>>>

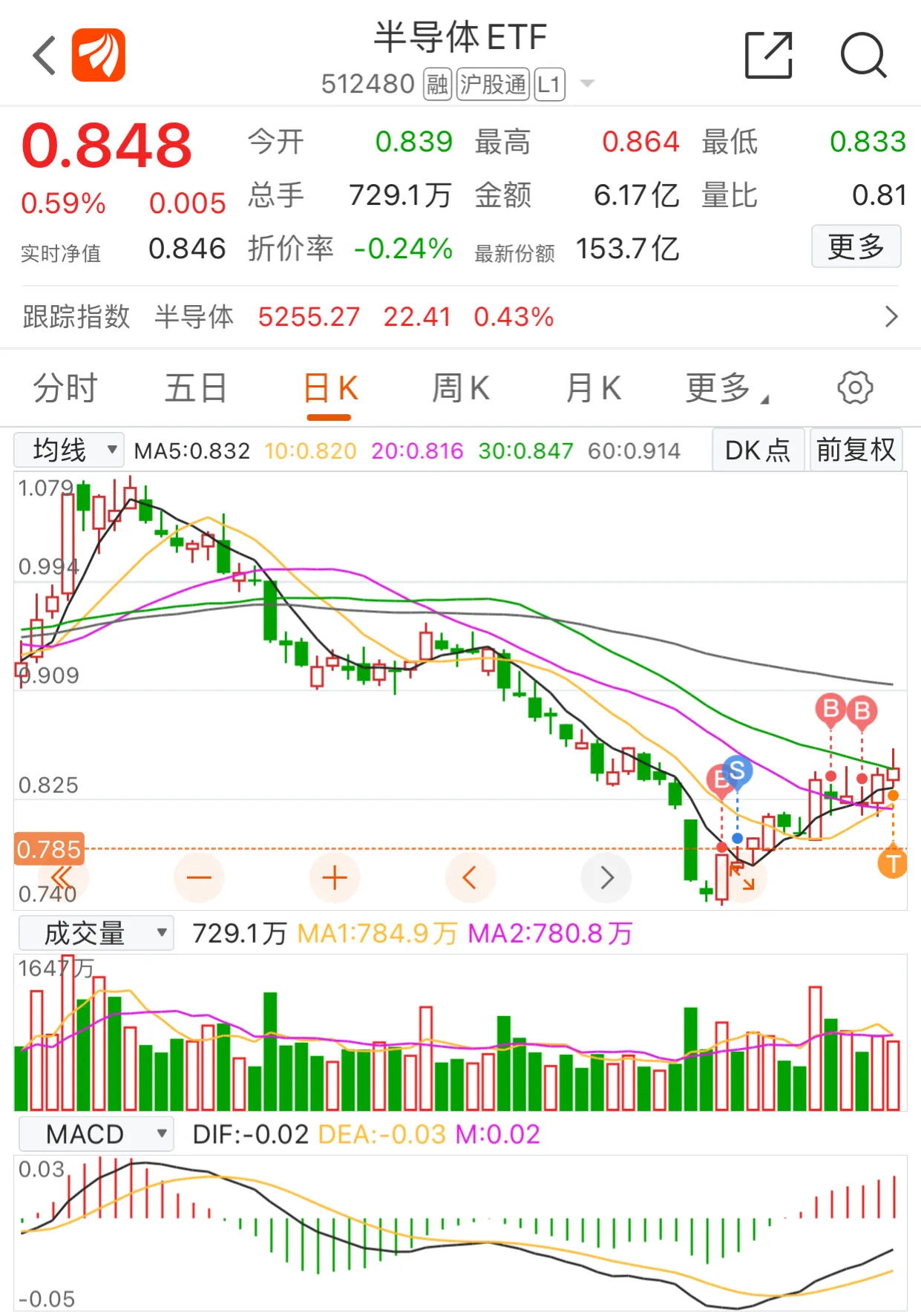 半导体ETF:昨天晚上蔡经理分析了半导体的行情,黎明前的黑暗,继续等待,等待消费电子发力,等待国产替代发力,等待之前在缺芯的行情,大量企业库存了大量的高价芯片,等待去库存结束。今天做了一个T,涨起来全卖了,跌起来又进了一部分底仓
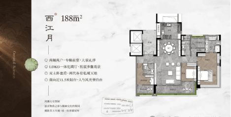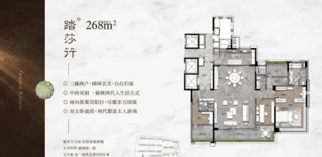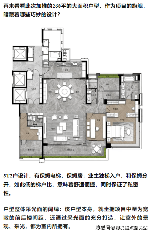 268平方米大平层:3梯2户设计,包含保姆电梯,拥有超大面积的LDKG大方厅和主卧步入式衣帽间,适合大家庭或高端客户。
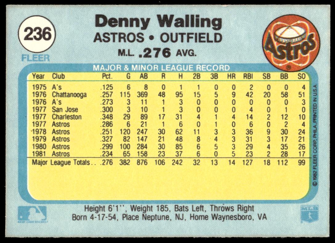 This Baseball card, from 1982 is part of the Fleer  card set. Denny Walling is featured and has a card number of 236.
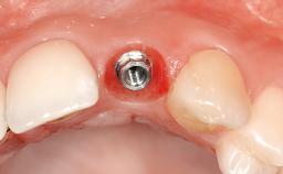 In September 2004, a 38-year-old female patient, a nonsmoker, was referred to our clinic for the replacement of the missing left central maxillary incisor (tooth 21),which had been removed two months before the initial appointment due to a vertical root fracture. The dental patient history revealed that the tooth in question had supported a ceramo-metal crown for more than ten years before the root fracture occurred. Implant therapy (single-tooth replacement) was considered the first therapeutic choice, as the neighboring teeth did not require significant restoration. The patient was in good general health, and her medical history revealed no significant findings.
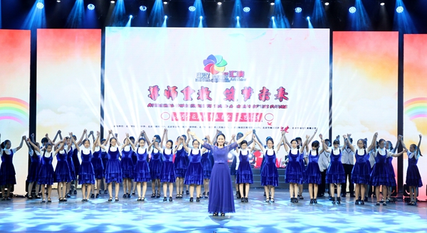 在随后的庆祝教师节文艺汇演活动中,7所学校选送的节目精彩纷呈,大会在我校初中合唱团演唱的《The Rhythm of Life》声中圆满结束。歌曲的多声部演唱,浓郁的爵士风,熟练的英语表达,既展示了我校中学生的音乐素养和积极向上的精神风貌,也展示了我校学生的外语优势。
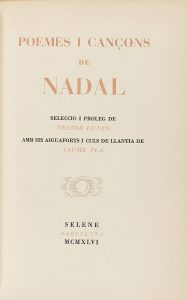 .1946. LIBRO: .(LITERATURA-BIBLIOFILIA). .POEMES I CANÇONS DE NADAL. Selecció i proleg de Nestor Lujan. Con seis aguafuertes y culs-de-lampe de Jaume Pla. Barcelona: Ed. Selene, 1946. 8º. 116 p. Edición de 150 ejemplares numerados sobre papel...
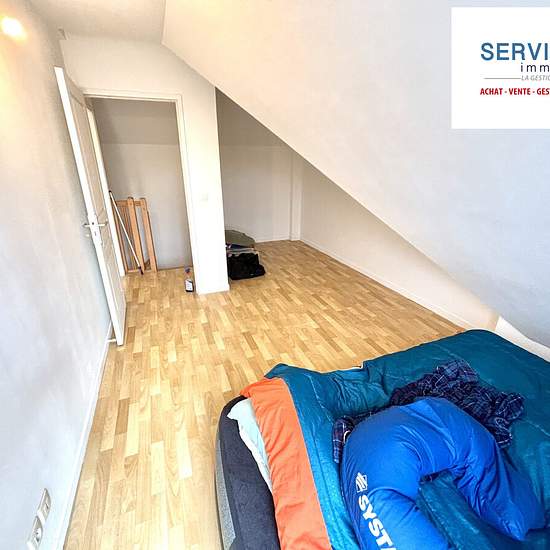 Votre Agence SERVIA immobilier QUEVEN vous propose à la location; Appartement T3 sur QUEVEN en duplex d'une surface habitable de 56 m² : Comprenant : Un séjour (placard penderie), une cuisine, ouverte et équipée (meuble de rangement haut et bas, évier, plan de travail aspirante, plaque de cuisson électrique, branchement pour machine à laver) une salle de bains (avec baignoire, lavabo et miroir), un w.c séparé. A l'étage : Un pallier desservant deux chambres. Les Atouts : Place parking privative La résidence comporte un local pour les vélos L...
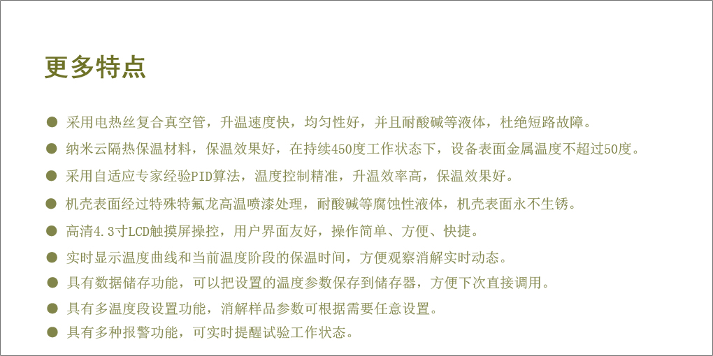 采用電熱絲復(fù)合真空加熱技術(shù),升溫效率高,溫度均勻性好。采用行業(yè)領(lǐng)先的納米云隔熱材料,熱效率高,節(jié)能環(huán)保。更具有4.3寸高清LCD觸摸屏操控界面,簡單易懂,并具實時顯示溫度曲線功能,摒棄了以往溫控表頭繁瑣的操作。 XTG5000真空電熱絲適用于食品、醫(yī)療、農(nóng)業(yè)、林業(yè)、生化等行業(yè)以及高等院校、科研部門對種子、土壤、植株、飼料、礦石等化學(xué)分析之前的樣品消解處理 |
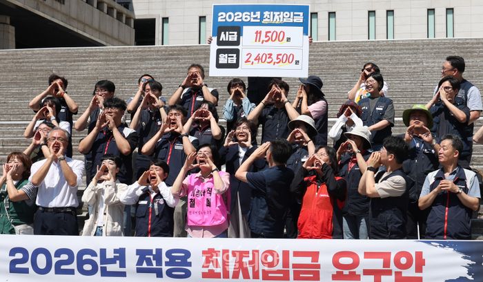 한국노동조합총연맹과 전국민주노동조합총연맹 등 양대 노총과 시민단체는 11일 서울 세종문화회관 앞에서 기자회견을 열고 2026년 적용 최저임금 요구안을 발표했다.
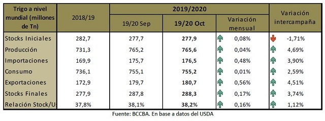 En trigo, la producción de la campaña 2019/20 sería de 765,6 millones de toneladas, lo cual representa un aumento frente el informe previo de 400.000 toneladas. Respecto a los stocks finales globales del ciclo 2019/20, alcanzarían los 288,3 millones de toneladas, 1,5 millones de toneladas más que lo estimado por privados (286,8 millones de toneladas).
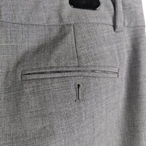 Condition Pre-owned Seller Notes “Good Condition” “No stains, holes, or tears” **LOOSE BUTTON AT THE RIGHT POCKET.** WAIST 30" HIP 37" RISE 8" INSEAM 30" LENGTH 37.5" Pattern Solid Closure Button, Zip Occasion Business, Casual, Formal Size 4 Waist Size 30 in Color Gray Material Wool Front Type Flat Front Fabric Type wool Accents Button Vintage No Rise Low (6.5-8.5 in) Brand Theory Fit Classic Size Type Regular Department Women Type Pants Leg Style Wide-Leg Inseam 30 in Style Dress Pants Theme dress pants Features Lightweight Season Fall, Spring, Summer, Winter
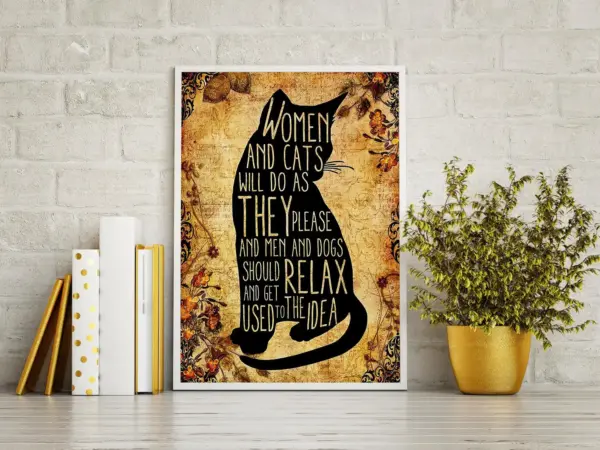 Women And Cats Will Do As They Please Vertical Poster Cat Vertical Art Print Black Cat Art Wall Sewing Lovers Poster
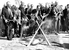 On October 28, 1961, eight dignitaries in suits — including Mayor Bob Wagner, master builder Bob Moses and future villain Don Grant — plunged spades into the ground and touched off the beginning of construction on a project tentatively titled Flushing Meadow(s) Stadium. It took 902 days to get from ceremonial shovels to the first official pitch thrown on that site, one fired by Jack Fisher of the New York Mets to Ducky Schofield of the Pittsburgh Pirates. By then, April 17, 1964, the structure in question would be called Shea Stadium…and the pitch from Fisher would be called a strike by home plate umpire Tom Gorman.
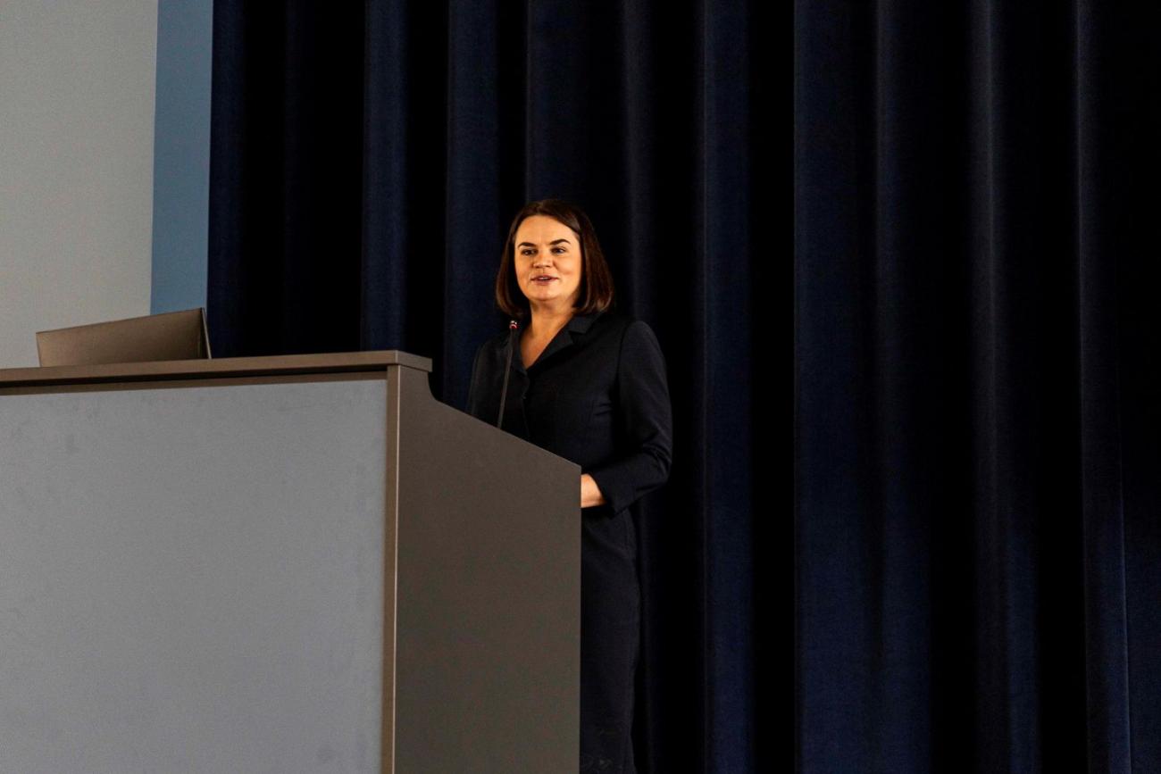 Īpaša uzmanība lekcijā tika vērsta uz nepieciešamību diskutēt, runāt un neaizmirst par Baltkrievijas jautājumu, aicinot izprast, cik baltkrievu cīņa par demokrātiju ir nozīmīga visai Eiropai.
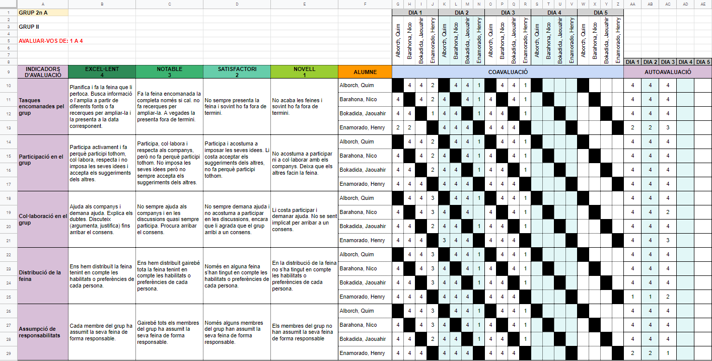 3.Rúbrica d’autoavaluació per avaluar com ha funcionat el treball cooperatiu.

<<<

**WHAT TO PRODUCE**. Print the entire listing above verbatim. No picture should be included.

**ANSWER**.
 半导体ETF:昨天晚上蔡经理分析了半导体的行情,黎明前的黑暗,继续等待,等待消费电子发力,等待国产替代发力,等待之前在缺芯的行情,大量企业库存了大量的高价芯片,等待去库存结束。今天做了一个T,涨起来全卖了,跌起来又进了一部分底仓
 268平方米大平层:3梯2户设计,包含保姆电梯,拥有超大面积的LDKG大方厅和主卧步入式衣帽间,适合大家庭或高端客户。
 This Baseball card, from 1982 is part of the Fleer  card set. Denny Walling is featured and has a card number of 236.
 In September 2004, a 38-year-old female patient, a nonsmoker, was referred to our clinic for the replacement of the missing left central maxillary incisor (tooth 21),which had been removed two months before the initial appointment due to a vertical root fracture. The dental patient history revealed that the tooth in question had supported a ceramo-metal crown for more than ten years before the root fracture occurred. Implant therapy (single-tooth replacement) was considered the first therapeutic choice, as the neighboring teeth did not require significant restoration. The patient was in good general health, and her medical history revealed no significant findings.
 在随后的庆祝教师节文艺汇演活动中,7所学校选送的节目精彩纷呈,大会在我校初中合唱团演唱的《The Rhythm of Life》声中圆满结束。歌曲的多声部演唱,浓郁的爵士风,熟练的英语表达,既展示了我校中学生的音乐素养和积极向上的精神风貌,也展示了我校学生的外语优势。
 .1946. LIBRO: .(LITERATURA-BIBLIOFILIA). .POEMES I CANÇONS DE NADAL. Selecció i proleg de Nestor Lujan. Con seis aguafuertes y culs-de-lampe de Jaume Pla. Barcelona: Ed. Selene, 1946. 8º. 116 p. Edición de 150 ejemplares numerados sobre papel...
 Votre Agence SERVIA immobilier QUEVEN vous propose à la location; Appartement T3 sur QUEVEN en duplex d'une surface habitable de 56 m² : Comprenant : Un séjour (placard penderie), une cuisine, ouverte et équipée (meuble de rangement haut et bas, évier, plan de travail aspirante, plaque de cuisson électrique, branchement pour machine à laver) une salle de bains (avec baignoire, lavabo et miroir), un w.c séparé. A l'étage : Un pallier desservant deux chambres. Les Atouts : Place parking privative La résidence comporte un local pour les vélos L...
 采用電熱絲復(fù)合真空加熱技術(shù),升溫效率高,溫度均勻性好。采用行業(yè)領(lǐng)先的納米云隔熱材料,熱效率高,節(jié)能環(huán)保。更具有4.3寸高清LCD觸摸屏操控界面,簡單易懂,并具實時顯示溫度曲線功能,摒棄了以往溫控表頭繁瑣的操作。 XTG5000真空電熱絲適用于食品、醫(yī)療、農(nóng)業(yè)、林業(yè)、生化等行業(yè)以及高等院校、科研部門對種子、土壤、植株、飼料、礦石等化學(xué)分析之前的樣品消解處理 |
 한국노동조합총연맹과 전국민주노동조합총연맹 등 양대 노총과 시민단체는 11일 서울 세종문화회관 앞에서 기자회견을 열고 2026년 적용 최저임금 요구안을 발표했다.
 En trigo, la producción de la campaña 2019/20 sería de 765,6 millones de toneladas, lo cual representa un aumento frente el informe previo de 400.000 toneladas. Respecto a los stocks finales globales del ciclo 2019/20, alcanzarían los 288,3 millones de toneladas, 1,5 millones de toneladas más que lo estimado por privados (286,8 millones de toneladas).
 Condition Pre-owned Seller Notes “Good Condition” “No stains, holes, or tears” **LOOSE BUTTON AT THE RIGHT POCKET.** WAIST 30" HIP 37" RISE 8" INSEAM 30" LENGTH 37.5" Pattern Solid Closure Button, Zip Occasion Business, Casual, Formal Size 4 Waist Size 30 in Color Gray Material Wool Front Type Flat Front Fabric Type wool Accents Button Vintage No Rise Low (6.5-8.5 in) Brand Theory Fit Classic Size Type Regular Department Women Type Pants Leg Style Wide-Leg Inseam 30 in Style Dress Pants Theme dress pants Features Lightweight Season Fall, Spring, Summer, Winter
 Women And Cats Will Do As They Please Vertical Poster Cat Vertical Art Print Black Cat Art Wall Sewing Lovers Poster
 On October 28, 1961, eight dignitaries in suits — including Mayor Bob Wagner, master builder Bob Moses and future villain Don Grant — plunged spades into the ground and touched off the beginning of construction on a project tentatively titled Flushing Meadow(s) Stadium. It took 902 days to get from ceremonial shovels to the first official pitch thrown on that site, one fired by Jack Fisher of the New York Mets to Ducky Schofield of the Pittsburgh Pirates. By then, April 17, 1964, the structure in question would be called Shea Stadium…and the pitch from Fisher would be called a strike by home plate umpire Tom Gorman.
 Īpaša uzmanība lekcijā tika vērsta uz nepieciešamību diskutēt, runāt un neaizmirst par Baltkrievijas jautājumu, aicinot izprast, cik baltkrievu cīņa par demokrātiju ir nozīmīga visai Eiropai.
 3.Rúbrica d’autoavaluació per avaluar com ha funcionat el treball cooperatiu.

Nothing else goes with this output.